Barack Obama has stacked the FDA with shills from Monsanto and other biotechnology companies. Hilary Clinton has close ties to Monsanto, too. With even brighter contrast, Bernie Sanders represents the state of Vermont, a state that has passed a law requiring genetically modified food to be labeled in Vermont with the support of Bernie Sanders. Do you think Sanders will nominate a C-class executive from Monsanto, DuPont or ADM to head the FDA? I doubt it. He's going to find someone who actually wants to regulate the industry.

Then there is the Just-Us Department. Wall Street (along with a few bad citizens) have found their way into a few offices there under Bush, Obama and Bill Clinton's administration. They have pretty much shut down any investigation into the collapse of the housing bubble, and they're hoping Clinton is elected to finally bury any further investigations.

Sanders would rename the agency as the "Department of Justice", you know, for the sake of tradition. And since he's not taking any corporate money, he has no obligation to nominate someone who is looking for a job in Wall Street or in some multinational firm selling tobacco to teenagers in Asia. Sanders might even nominate someone with the chutzpah to actually prosecute white collar crime and make it stick.

"But Congress will never confirm a nomination from Sanders", you say? Sanders is well known for his ability to create bi-partisan coalitions to get amendments passed. He isn't called "The Amendment King" for nothing. He could very well find the votes he needs to get his nominees confirmed. If there is any roadblocking, he knows Congress well enough to show how the money is influencing their votes.

He is also aware that liberals aren't the only political faction that would love to do to our banks what Iceland did to theirs. In case you missed the news about Iceland the way the mainstream media did, there is an interesting story to read if you find the time. Instead of saving the banks, the government of Iceland let the banks fail, prosecuted the looters and then put them in prison. Now they're enjoying a well-deserved recovery. What other faction would love to do that? 

The Tea Party. Now most of you may be thinking that the Tea Party is nothing but a bunch of conservative wackos. Well, there are more than a few in the Tea Party, no doubt. But if you were reading the news carefully during the Occupy Wall Street protests, you might have noticed that the Tea Party was none too happy about the bailouts, too.

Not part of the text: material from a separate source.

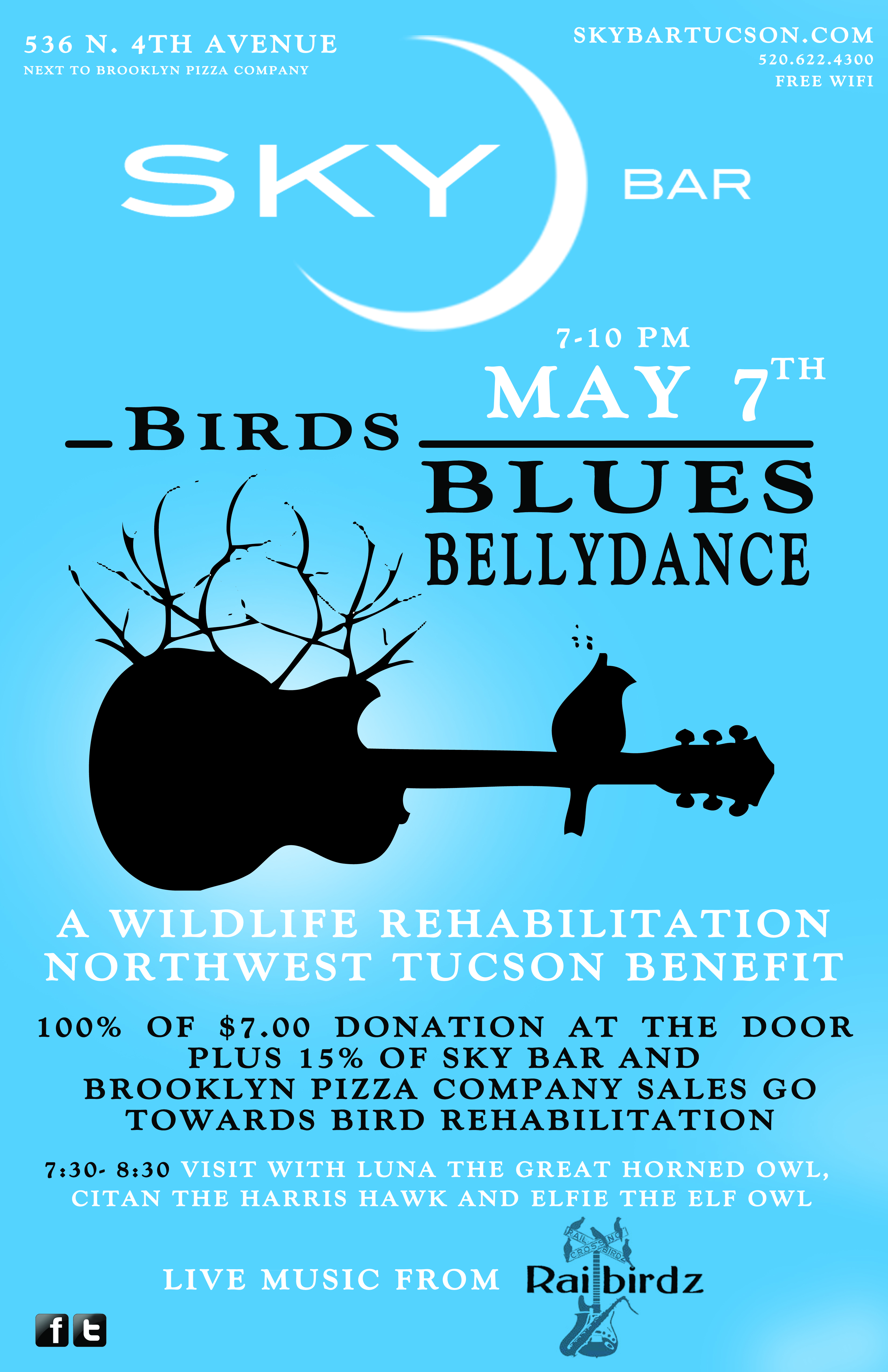 Only a week away! Come on out and enjoy Birds, Blues, and Bellydance- and help out Wildlife Rehabilitation Northwest Tucson by eating pizza and drinking beer- what's not to like?

There is a significant faction in Congress that self-identifies as "Tea Party". They have a constituency that isn't just about cutting social security. They want to to put the bankers in jail, too. Sanders as president is so familiar with Congress that he'd be in a perfect position to out the Tea Party members of Congress that would not like to see a few hedge fund managers and banking executives in orange suits. 

Any Tea Party member who refuses to confirm a nominee for the Treasury or Justice Department, a nominee that is more than willing to prosecute and put someone behind bars, is going to have to explain that to their constituents back home. That could get a might bit discomforting.

This is one of the reasons why being an independent matters so much. An independent can be "bi-partisan" and succeed in meeting his objectives where partisans would fail. An independent can show the nation where there is common ground without losing face, while at the same time undermining his detractors. You just can't get that from anyone in the GOP clown car (which is a lot less crowded now) or from Hilary Clinton.

Sanders doesn't take corporate money. That means he doesn't have to worry about biting the hand that feeds him, unless that hand belongs to the people. You can dislike him for being a "Democratic Socialist", but at least you will know what motivates him and why. If you know that about Sanders, you know a lot more about him than any of his opponents in this race. That is probably the most terrifying thing about Sanders of all - to the 1%. I mean, the 0.05% that financed the bulk of the SuperPACs for this election.